BK: So you actually discuss organisational things with the orchestra and you’re happy to take their opinion?
VG: Yes. For example, if they ask me to go through a phrase again because they either want to play better or find a better balance between themselves I certainly will do it. But they are very well trained so normally they sort it out very quickly. But, I repeat, by far the most important question of leadership is to create a human atmosphere, which makes the institution a good place to be. People cannot really work when there is too much negative feelings around or bad relationships. Either they feel tense, they feel disinterested, they feel threatened, or they feel not respected. This is dangerous. Even if something does not work immediately, because the music is sometimes difficult to play or sing, you have to keep the atmosphere positive. I think the Mariinsky is a very hard working institution and people still don’t complain — oh, it’s such a hard work, it’s terrible. Somehow they don’t complain ever. They enjoy being part of it.
BK: During performances there’s no room to discuss things.
VG: No, you just have to use your eyes. Almost all your leadership is in your ability to inspire. Of course, you help with your gestures, you help with your eyes. People are not deaf so they feel. They themselves understand after two minutes if the performance started really well, or not so well. So if it starts not so well some people are disappointed, some people are disinterested. They lose interest because immediately it starts to go down and people say, well, why should I sit on the edge of the chair, because it just does not go so well. One has to make an effort.
BK: So leadership actually changes during the whole process from the beginning of the first rehearsal where you establish trust, to rehearsals where you are able to discuss certain things, to the performance where inspiration becomes most important?
VG: I think every hour of rehearsing is opening up a lot of opportunities. But the risk is that this one hour of your time with a big group of musicians is not enough. Everybody needs to understand how valuable this hour of rehearsing is.
On the other hand if you are given 12 hours then you have to be even better prepared for working as a big group because they might lose interest after three hours.
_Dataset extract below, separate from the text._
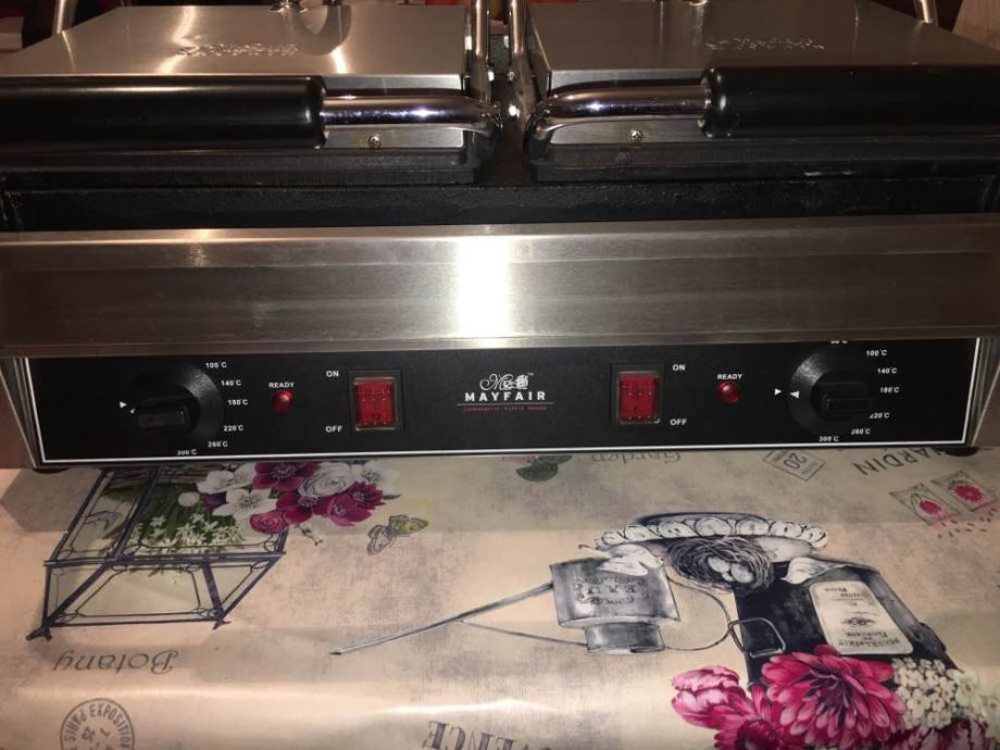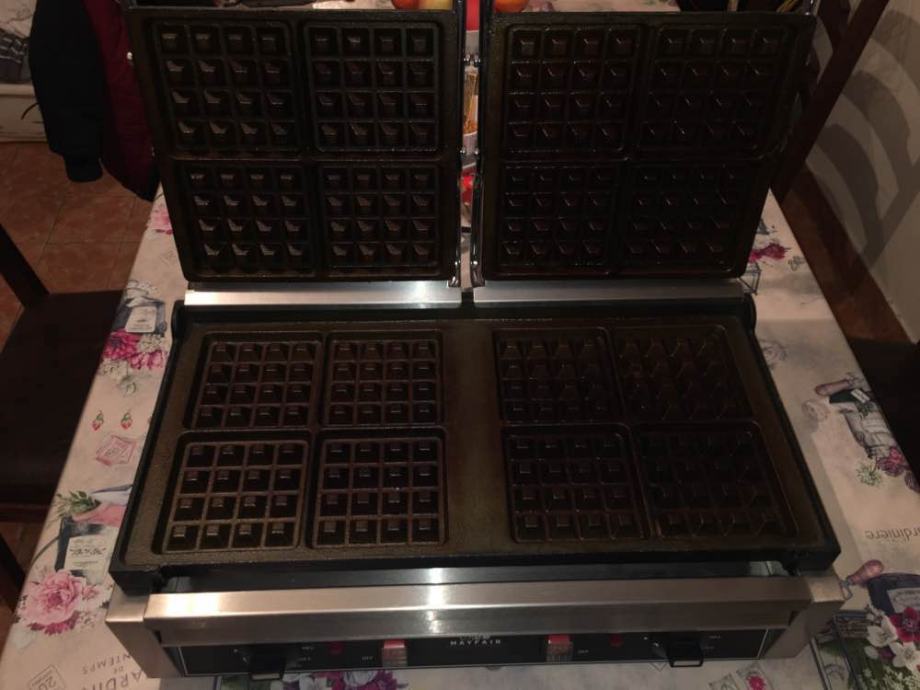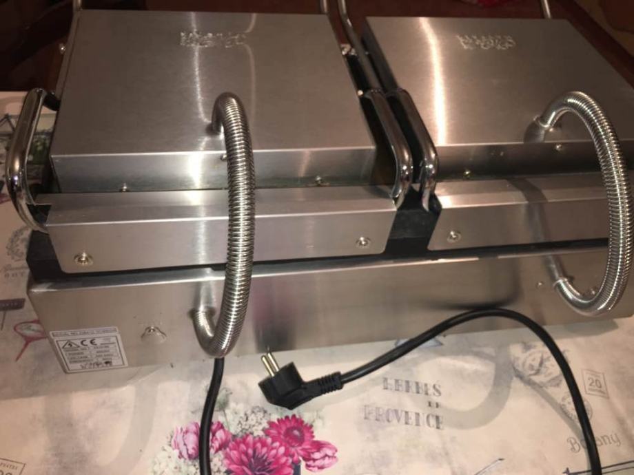 Uredjaj je donet iz Svajcarske nov, pekli smo par puta vafl za licnu upotrebu. . . vrhunska je stvar za brze hrane i restorane. . . kao nov je! Prvi put kad je ukljucen ploce su obgorele i sada je spreman za maksimalno koriscenje, moze da radi odvojeno leva i desna strana. . . cena 650€
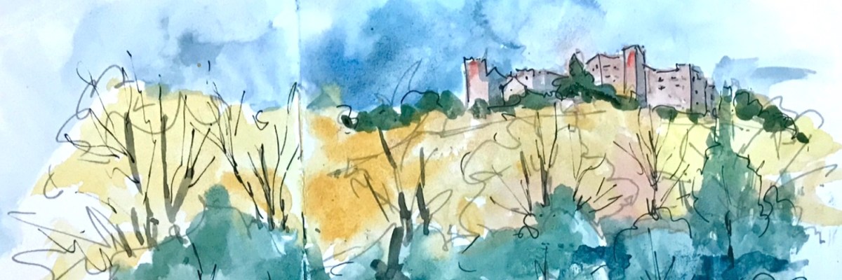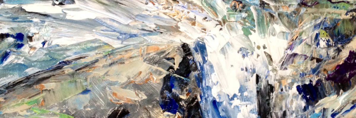 After torrential rainstorms on Tuesday, today is bright and clear, and the roads open after flooding and fallen trees. The river at Gorges du Loup is a swollen torrent of rushing foam. I’m the only person there, drenched in the spray. This is my favourite subject to paint, the crash and clash of water on rock, fluid motion meeting solid mass. At home I start a quick study in acrylic, wanting to catch some of the energy and drama of the original scene. My first marks are a simple outline of the main shapes, focusing on the dynamic pattern of…

They play it, they think, okay, it’s clear, this and this and this, more or less clear, but the conductor continues to torture them. So after three, four, six hours, the interest can go down. It can go down dramatically so one has to know how to use the time with a great orchestras. It is a great and very sensitive issue. Not to rehearse enough, not to use all your time is dangerous because if something goes wrong the musicians will say that he did not even rehearse properly. But if you rehearse all the time and it does not go well, they will say he was torturing us, we did so many repeats and we lost interest. So rehearsing too much or rehearsing not enough can both be wrong.
BK: It’s a delicate balancing act between over-rehearsing and therefore making it boring for the musicians, and on the other hand not rehearsing enough so that difficult parts are not worked on.
VG: It would be much better to first play a little music everyone understands and knows. Everybody starts building up trust and understanding. Then move onto more difficult things. And then at some point rehearse a different part of the programme — the piano concerto instead of the symphony, for example. You can tell the orchestra that you will come back to the symphony on the next day. But again, you start with a different movement. It is dangerous when you play the same thing over and over again and you do not explain why you repeat it. People start to ask, why are we doing all this without any special reason? It is dangerous to over rehearse or to rehearse without a very clear goal.
Again, a remark can be dangerous because if you say, oh, second violinist, you didn’t play this very well then you upset people. So again, maybe the best is to say second violinist, I thought it was great but one or two spots we still have to look at so that you can play even better. And maybe it was not great but you say something nice. Orchestras find it comforting. Orchestras are pleased if they get the feeling that the conductor understands he has a group of very, very good musicians in front of him but he just wants to ask about a specific detail.
But I don’t believe any conductor made a great career by only complimenting an orchestra because then again you will look ridiculous. If certain things do not work well and you say, “oh, it’s fantastic”, they simply will not believe you and therefore you cannot build up trust.
BK: So what do you do when some things go wrong?
VG: I don’t pretend that the cheap compliments will help. The orchestra will feel that the conductor does not really know what we are really capable of. So they play ok because the conductor is already happy anyway
BK: So do you ever tell an orchestra, you’re not happy with a part of a symphony or something?
VG: I do. You can always say, look, you are my colleagues and you see it is not perfect yet. There are very difficult passages. We should look at them tomorrow. Everyone understands that you are slightly worried but you trust that they, your colleagues, also know it.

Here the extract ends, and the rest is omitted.